The judge’s ruling is the latest in a dispute entering its third Christmas season. Two years ago, the Knights placed a nativity scene by the Bandstand; it was removed days later. Last year, the city continued to deny the church placement of the nativity scene near the Bandstand.

In June, First Liberty Institute, a Texas-based nonprofit law firm specializing in religious liberty cases, filed a lawsuit in the U.S. District Court of Delaware on behalf of the Knights claiming religious discrimination for the blanket ban of the crèche from city property.

In early November, First Liberty filed a request for a preliminary injunction stopping the city from enforcing its no-religious-display policy this year, because the court case is not likely to be settled this year.

Days before the filing of the preliminary injunction request, the city commissioners approved a policy prohibiting all private holiday displays on city-owned property for the 2020 holiday season. The policy was updated Dec. 7, to prohibit all private entities from erecting any unattended displays on city-owned property, year-round.

“The preliminary injunction motion must be denied because the plaintiff has failed to show it will suffer irreparable harm between now and the time of trial,” said Stark in his opinion. “There is no evidence the city currently has an anti-religious-displays policy in place; if it ever had one, it was revoked by the adoption of the revised policy.”

City Manager Sharon Lynn said the city has a long history of support for religious diversity and inclusiveness.

“It’s in that spirit of inclusiveness that we recognize the Knights’ right to have this matter decided in a court of law,” said Lynn, in a prepared statement announcing the decision. “We are, however, grateful that today’s favorable decision validates the city’s commitment to the equal treatment of all individuals.”

First Liberty Senior Counsel Roger Byron is representing the Knights through the legal proceedings. In an email Dec. 13, he said he and the Knights are pleased the city has responded to their actions by returning a crèche to the community’s holiday display, and by assuring the court and the Knights that the city will administer a lawful display policy.

“We look forward to more favorable results as the litigation continues,” said Byron.   

Looking forward, City Solicitor Glenn Mandalas said he expects the lawsuit to proceed on a normal schedule, which means nothing of significance is expected to take place in the near term.

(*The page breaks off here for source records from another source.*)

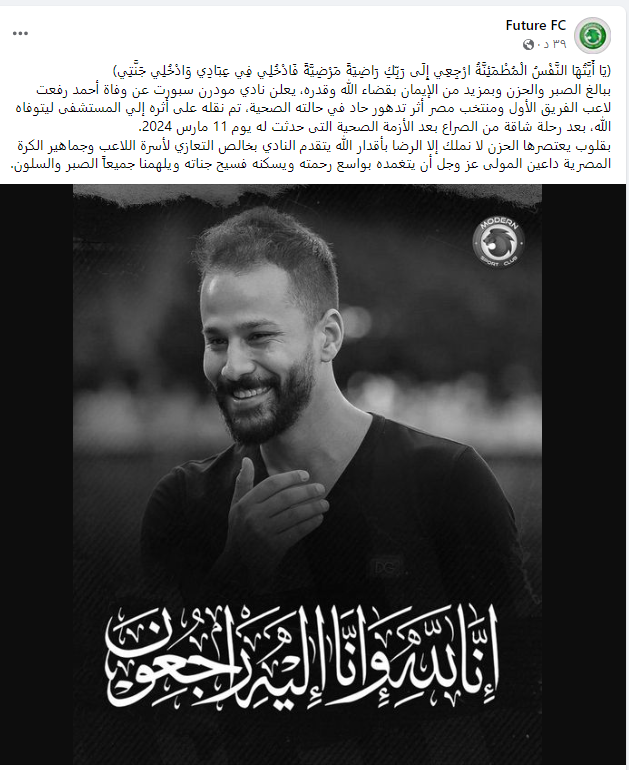 وتابع البيان: « بقلوب يعتصرها الحزن لا نملك إلا الرضا بأقدار الله يتقدم النادي بخالص التعازي لأسرة اللاعب وجماهير الكرة المصرية داعين المولى عز وجل أن يتغمده بواسع رحمته ويسكنه فسيح جناته ويلهمنا جميعًا الصبر والسلون».
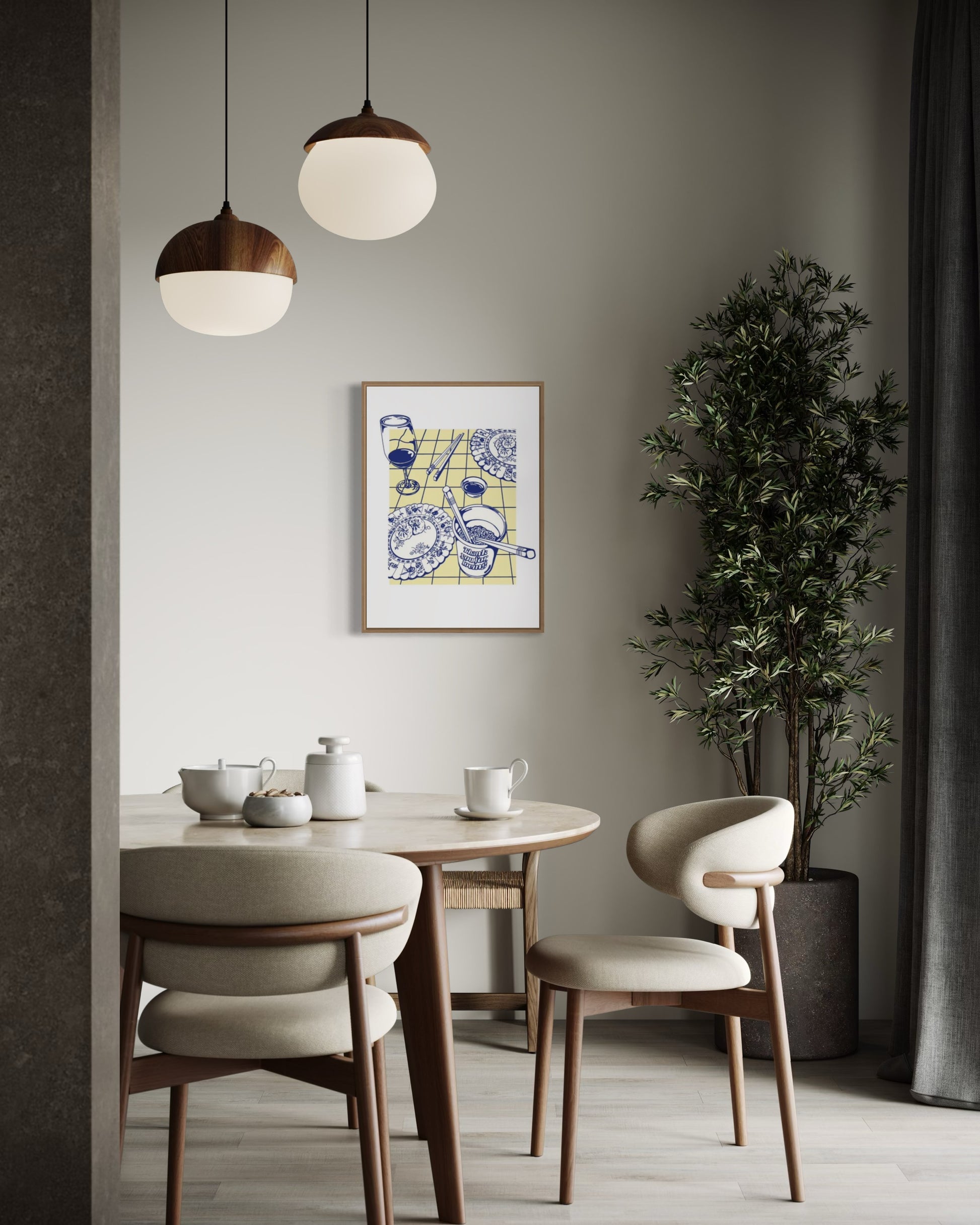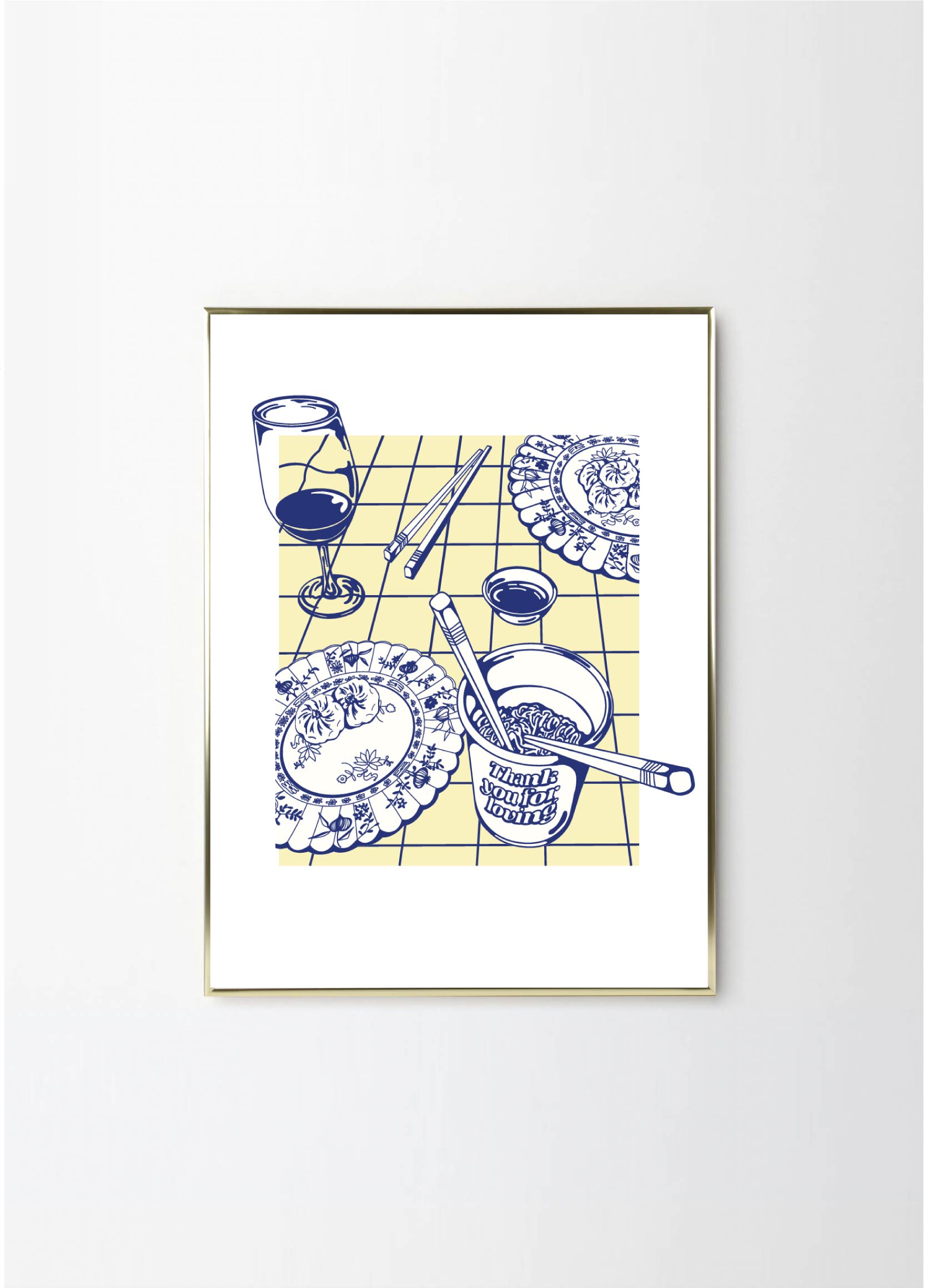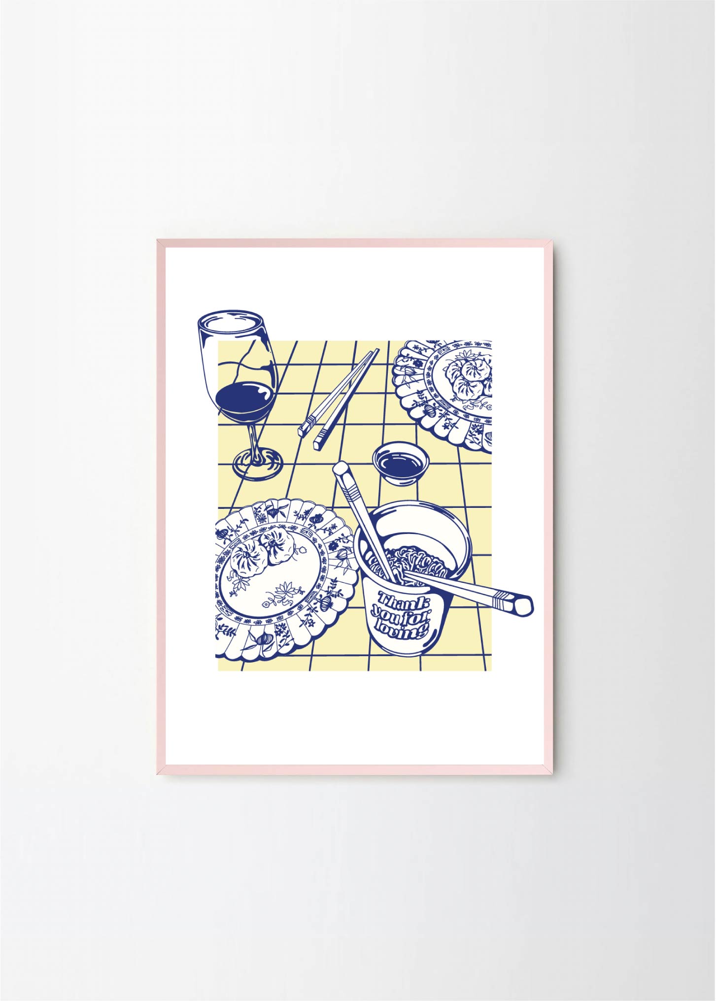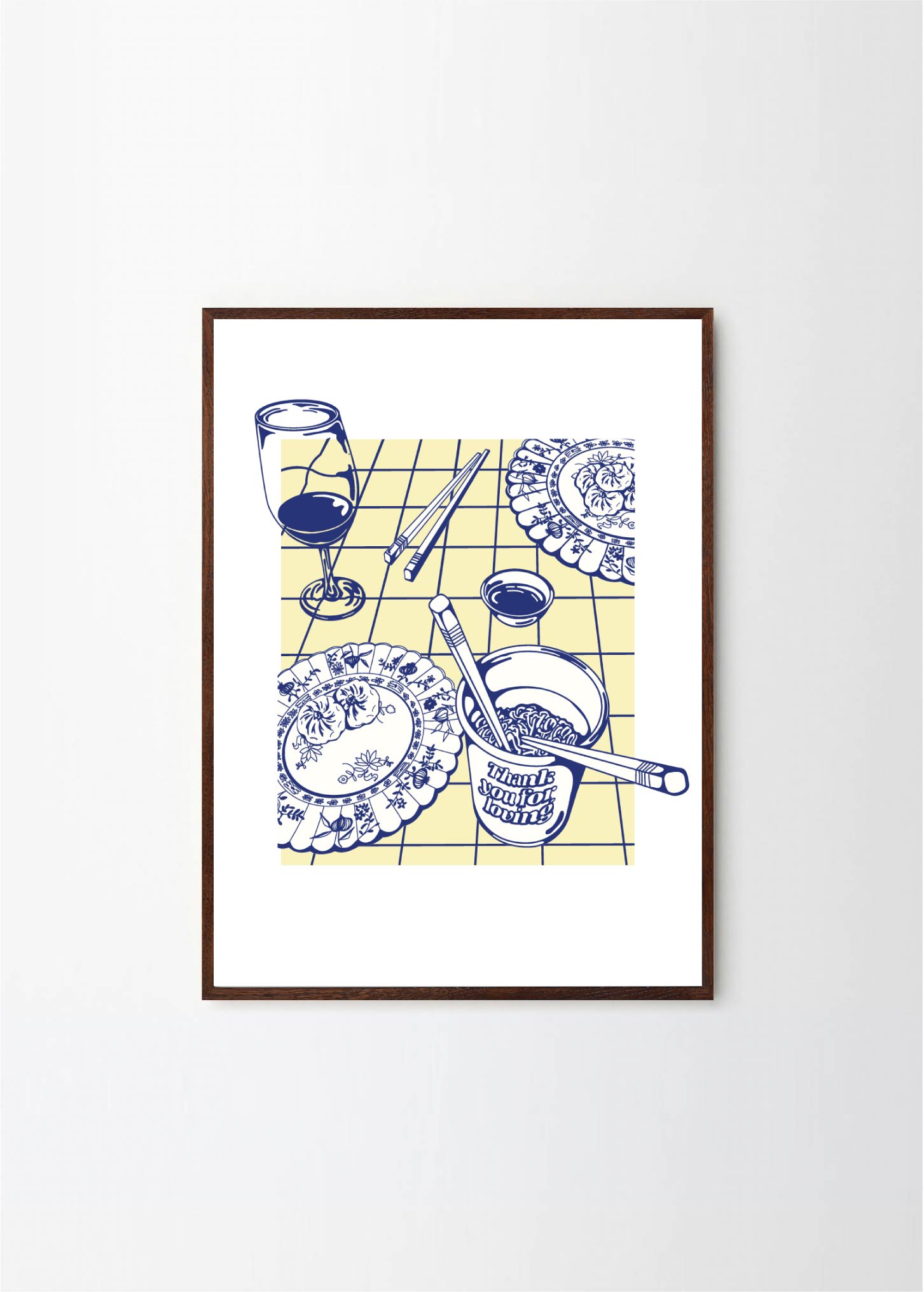 The artwork Lunch Club depicts an asian inspired lunch with boxes and chopsticks. The blue and white colors make Lunch Box perfect for a blue, white or walnut colored frame, with or without passepartout.
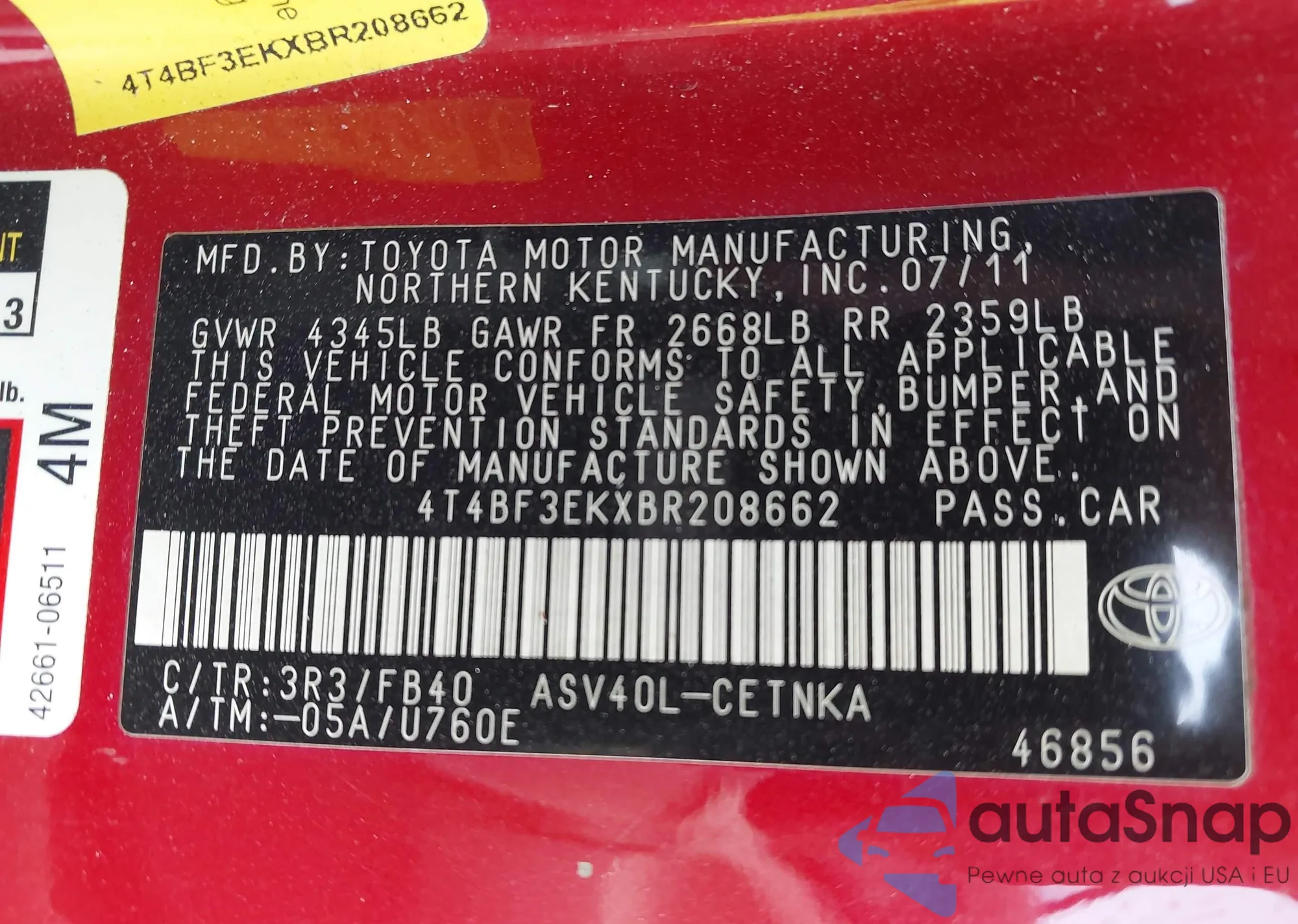 LOT: 43235658 VIN: 4T4BF3EKXBR208662

What remains is the court’s review of the city’s actions in 2018 and 2019, and those past actions will not create the urgency the 2020 holiday season created, he said in an email Dec. 13.

According to the order associated with Stark’s opinion, the city and the Knights shall submit a proposed scheduling order for the remaining lawsuit no later than Friday, Dec. 18.

Editor’s note: This story has been updated with new pictures.